Salta – Far Northern Argentina

Posted in Northern Argentina at 3:39 pm by Jackson Lee

With the terrain outside the bus slowly fading from endless green pasture to the first curves of the taunting Andean mountains I realised my visit to Argentina, land of beef – sleepness people – the swirling tango – political chaos- was coming to end.

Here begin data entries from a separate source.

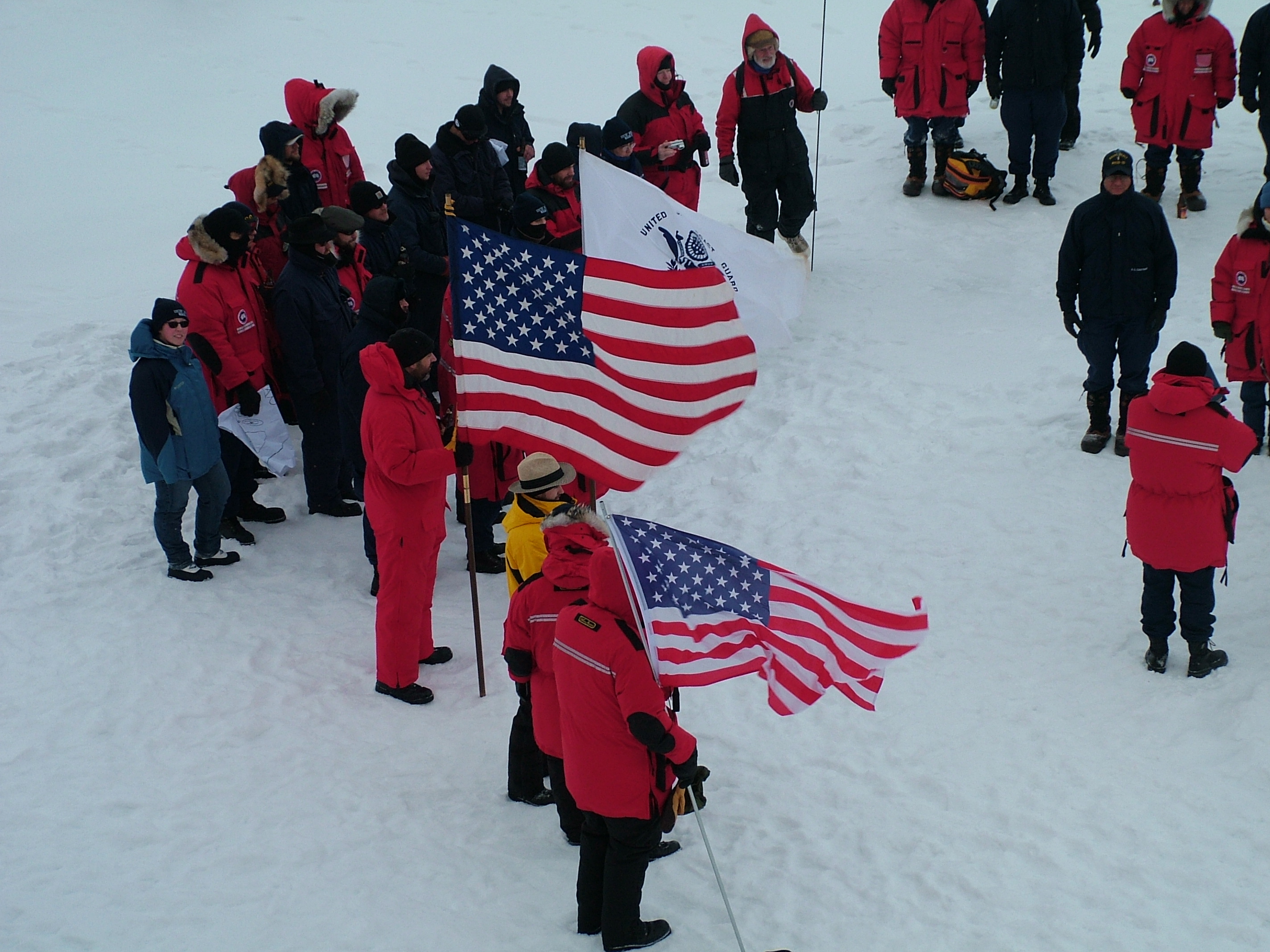 The crew of the USCGC Healy enjoy an ice liberty at the North Pole.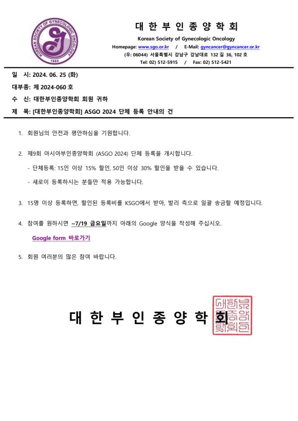 2024-060(20240625) [대한부인종양학회] ASGO 2024 단체 등록 안내의 건 조회수 : 120 게시일 : 2024-11-18 2024-060(20240625) [대한부인종양학회] ASGO 2024 단체 등록 안내의 건.pdf (다운로드 : 1회) 목록
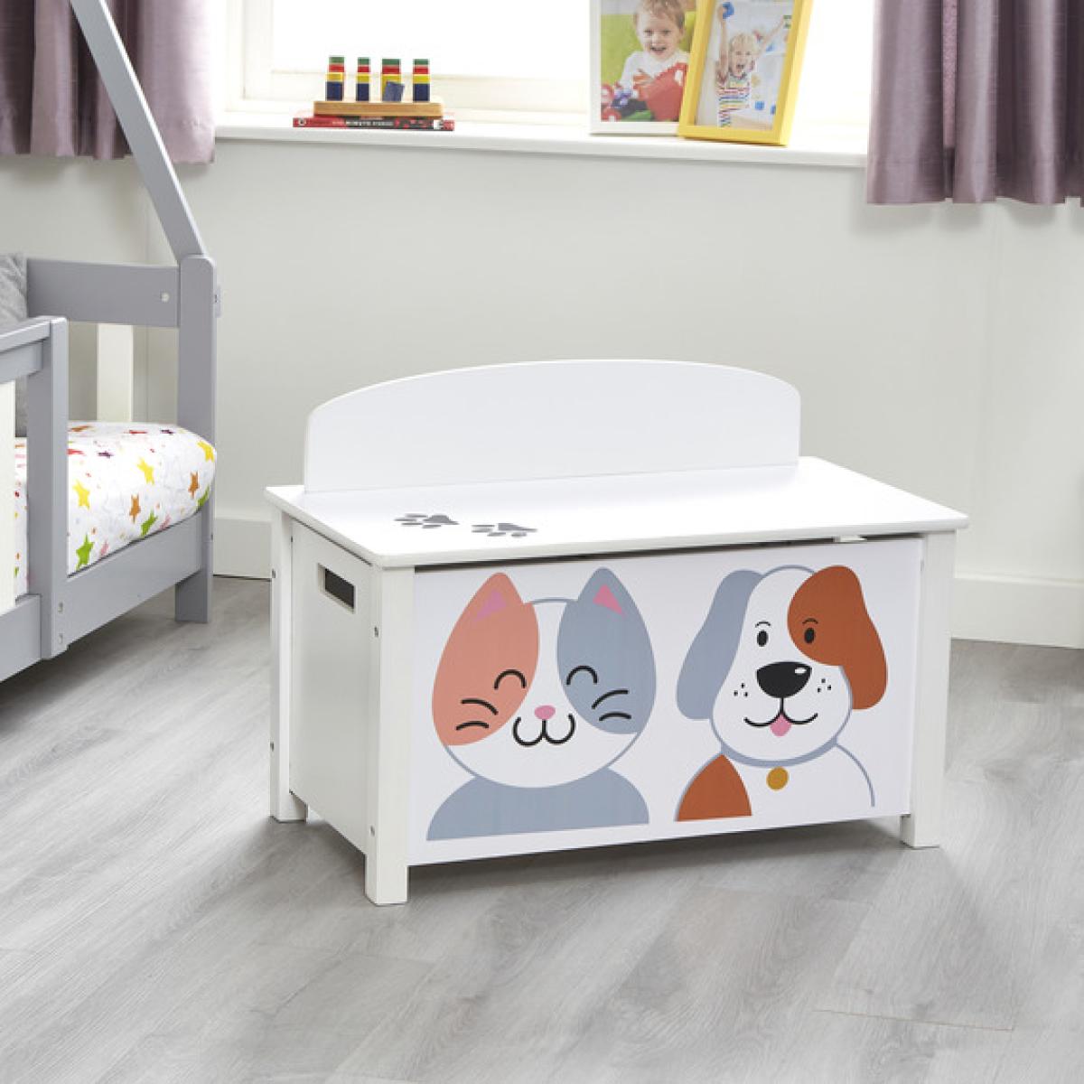 I love this kids’ toy box because it adds a playful touch while remaining practical and stylish. The white and grey tones make it versatile enough to blend seamlessly into various nursery or children’s room schemes, especially those with Scandinavian or modern minimalistic themes. The fun animal illustrations make it appealing without overwhelming the space, making it perfect for a child’s room or play area. Styling tips include placing it alongside soft pastel or neutral-toned furniture to keep the room light and airy, and adding cuddly cushions or colourful rugs nearby to create a cosy, welcoming environment. Its sturdy build also means it can double as a seat or low table when needed, making it a real functional piece in your child’s space.

One last Argentine city to visit – Salta.

Located in the far North of Argentina, the people of Salta (which means ‘jump’ in Spanish) are the first sign of the indigenous ethnic mix more common in the South American countries – Argentina, surprisingly, has over 95% genetic hereditary from Europe (see the mighty wikipedia) . The streets, are indeed, populated with darker skinned less Mediterranean looking people.

Arriving early in the morning, I spent the day in the local hills trekking through bush followed by a climb to the summit of the main tourist peak (complete with fake waterfalls at the summit) – it was here that I first noticed the effects of being at altitude (1152 meters).

My travels through Argentina hadn’t been thorough. Being the 8th largest landmass in the world, most backpackers spend literally hundreds of bus hours soaking in the different sights. From the wine country in Mendoza, the titanic Iguazu waterfall, the endless trekking of Patagonia, to the frigid city of Ushuaia in the deep south. I had only visited three locations in Argentina (over 6 weeks) but the urge to head north, to Bolivia, the Andes, the third world, to pre-Columbian history, was un-ignorable.